The youth yodeled, “Mr. Licho!” and this summoned the man in the dark glasses once more. He was carrying a steaming pot from which the rich aroma of freshly-brewed coffee arose.

“What is it, Blud?”

Blud, the youth, merely gestured toward the half-clad girl.

This time, he stopped and drew his dark glasses off his nose to inspect her. She now saw why he wore dark glasses: each eye had two pupils instead of one, lending a freakshow ugliness to his naked stare. He did not once raise his gaze all the way to her face, and may not have even known she was a same girl of the same race and height as the one he had dismissed as unappealing a moment ago.

He said to her, “You’re in. Go up to the second floor, take a right, knock on the first door. Boggy is our captain of waitress staff. If she’s drunk, just pour this pot over her head.”

He passed the handle of the steaming pot to her. She turned to go up the indicated stairs, feeling the man’s stare on her as she climbed.

She was blushing by the time she reached the first landing.

There was a mirror on the wall of the corridor at the top of the second landing. The girl who looked out at her was the same she had seen last night in the lady’s room of the coffee shop, but a few hours older and wiser. “Whatever you were in your past life, you are not someone who lied to police or seduced enemies with her masculine appeal.” She shook her head. As far as a woman’s weapon went, this was a blade with no grip, one that cut the swordsman when it struck. She felt shamed and small. “I am not Mata Hari.”

The girl in the mirror inspected her. “You might get used to it in time.”

“That is what I fear.” At the moment, she was the type of girl who would not cheat a tollbooth. That was a type of purity she did not necessarily want to let slip from her hand. It might shatter, with no way to put it back. “And what would my boyfriend think? I don’t even know who he is or what he is like.”

The eyes in the mirror narrowed. “Now is not the time for qualms. You are Mata Hari at the moment if you want to sneak into an enemy stronghold and poke around.”

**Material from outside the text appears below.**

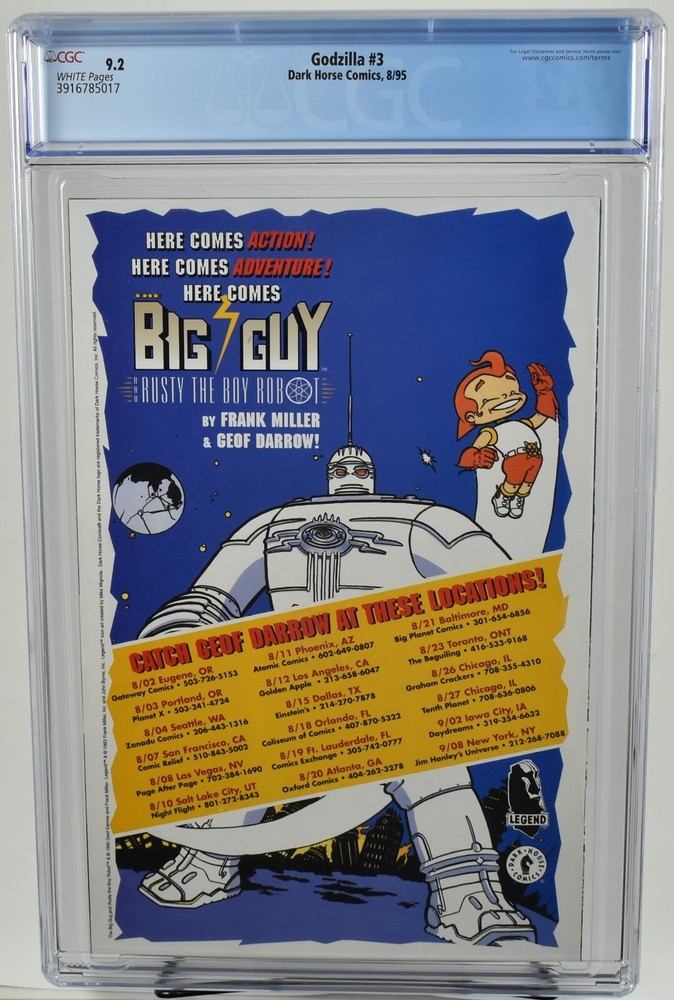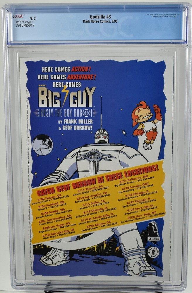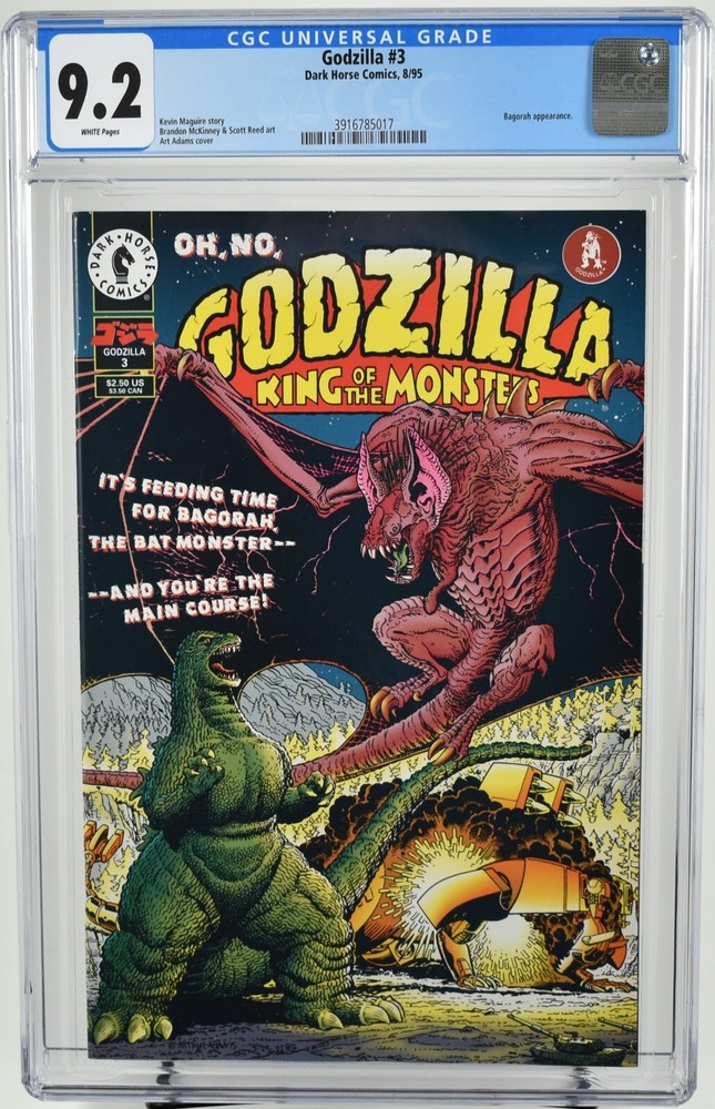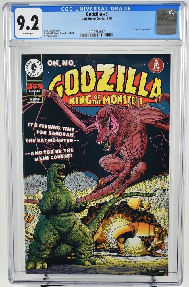 Style Sheet Template 2.1 GODZILLA #3 CGC GRADED 9.2 (1995) DARK HORSE COMICS ITEM DESCRIPTION Bagorah appearance. Kevin Maguire - Story Brandon McKinney & Scott Reed - Art Art Adams - Cover CGC Graded 9.2 ~ WHITE Pages ~ Photos have been provided as a visual condition of this item. More pictures can be provided upon request. Please inquire if you have any questions or concerns about this item before purchasing. Thank you! SHIPPING INFORMATION FOR THIS ITEM We offer combined shipping for multiple items purchased! Please inquire as rates vary depending on items purchased THIS ITEM SHIPS IN THE U.S. USING USPS WITH TRACKING. THIS ITEM IS NOT AVAILABLE FOR INTERNATIONAL SHIPPING. Shipping cost is calculated based on buyer’s location. SALES TAX CHARGED TO APPLICABLE STATE RESIDENTS. ACCEPTED PAYMENT METHOD - PAYPAL & MAJOR CREDIT CARDS PAYPAL & MAJOR CREDIT CARDS COSTUMERS: We can only send your merchandise to the confirmed address provided by "Ebay". Please do not ask for merchandise to be sent to other addresses other than the confirmed address provided to us directly by "Ebay". A confirmed address cannot be changed once the transaction has been paid for. Such a request to change your address after payment will result in the cancellation of your transaction. Thank you for your cooperation. Click the "Sign Up For Store Newsletter" link near the top of this page to receive weekly e-mails featuring our newly listed items! THANKS FOR LOOKING!

Yumiko shook her head, put the pot down, undid her sash, took out the blouse and skirt, and put them on. More demurely dressed, she picked up the coffee pot.

Across the hall from the mirror, the first door had a card thumbtacked to it: Boginki Cobweb.

Inside was a desk crowded with papers, flowerpots, and ashtrays. To the left was a sofa on which boxes of bottled vodka were resting. Three walls were crowded with shelves on which a large number of dun orchids and thin cactuses were drooping and dying. The floor beneath the shelves was littered with brown leaves and dropped needles. The final wall was crowded with framed autographed pictures of celebrities, always posed with the same portly man in a top hat and tuxedo. A four-bladed wooden fan in the ceiling was turning, but the office was hot and airless nonetheless.

Behind the desk was a thin, hatchet-faced matron wearing a rather old-fashioned gown of dark stuff, buttoned up to the collar. Her hair was gray and worn in a bun, but her eyes were as bright as the eyes of an eagle.

She looked up. “Well?”

Yumiko said, “Mr. Licho sent me up with the coffee.”

The gray woman nodded and took a small white cup off the shelf that had a fern growing in it. She dumped the plant and soil into the neighboring flowerpot, wiped the cup with her fingers, and beckoned. She thumped the cup down on the litter-coated table. “Give it here. Big night last night.”

Yumiko approached, wiped the cup with her sash, poured, put the coffee pot down carefully, turned the white cup, and presented it to the woman with both hands.

Boggy took the cup, with a scowl. “Who are you again?”

“I am the new girl. Mr. Licho sent me up here.”

Boggy said, “Back up. Turn around. Let’s take a look at you. How high can you kick?”

Yumiko thought it was a strange question. “How high would you like me to kick?”

“Just show me as high as you can.”

Yumiko looked up and pointed at the ceiling fan. “There?”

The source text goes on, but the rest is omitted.